Prevalence, predictors, and outcomes of cardiorenal syndrome in children with dilated cardiomyopathy: a report from the Pediatric Cardiomyopathy Registry

Kaddourah, A.; Goldstein, S. L.; Lipshultz, S. E.; Wilkinson, J. D.; Sleeper, L. A.; Lu, M.; Colan, S. D.; Towbin, J. A.; Aydin, S. I.; Rossano, J.; Everitt, M. D.; Gossett, J. G.; Rusconi, P.; Kantor, P. F.; Singh, R. K.; Jefferies, J. L.

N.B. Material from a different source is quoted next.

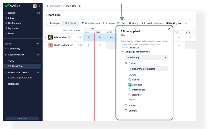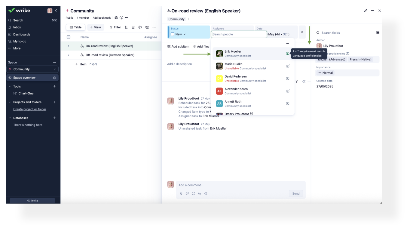 - When you specify a skill requirement for a task, Wrike will automatically suggest people with the required skill level or higher at the top of the list. Those who have the skill, but at a lower level than required, will appear next. Individuals without the skill will be listed further down.

Pediatr Nephrol. 2015 Jul 27; 30(12):2177-88

Abstract

BACKGROUND: The association of cardiorenal syndrome (CRS) with mortality in children with dilated cardiomyopathy (DCM) is unknown. METHODS: With a modified Schwartz formula, we estimated glomerular filtration rates (eGFR) for children >/=1 year of age with DCM enrolled in the Pediatric Cardiomyopathy Registry at the time of DCM diagnosis and annually thereafter. CRS was defined as an eGFR of <90 mL/min/1.73 m(2). Children with and without CRS were compared on survival and serum creatinine concentrations (SCr). The association between eGFR and echocardiographic measures was assessed with linear mixed-effects regression models. RESULTS: Of 285 eligible children with DCM diagnosed at >/=1 year of age, 93 were evaluable. CRS was identified in 57 of these 93 children (61.3 %). Mean (standard deviation) eGFR was 62.0 (22.6) mL/min/1.73 m(2) for children with CRS and 108.0 (14.0) for those without (P < 0.001); median SCr concentrations were 0.9 and 0.5 mg/dL, respectively (P < 0.001). The mortality hazard ratio of children with CRS versus those with no CRS was 2.4 (95 % confidence interval 0.8-7.4). eGFR was positively correlated with measures of left ventricular function and negatively correlated with age. CONCLUSIONS: CRS in children newly diagnosed with DCM may be associated with higher 5-year mortality. Children with DCM, especially those with impaired left ventricular function, should be monitored for renal disease.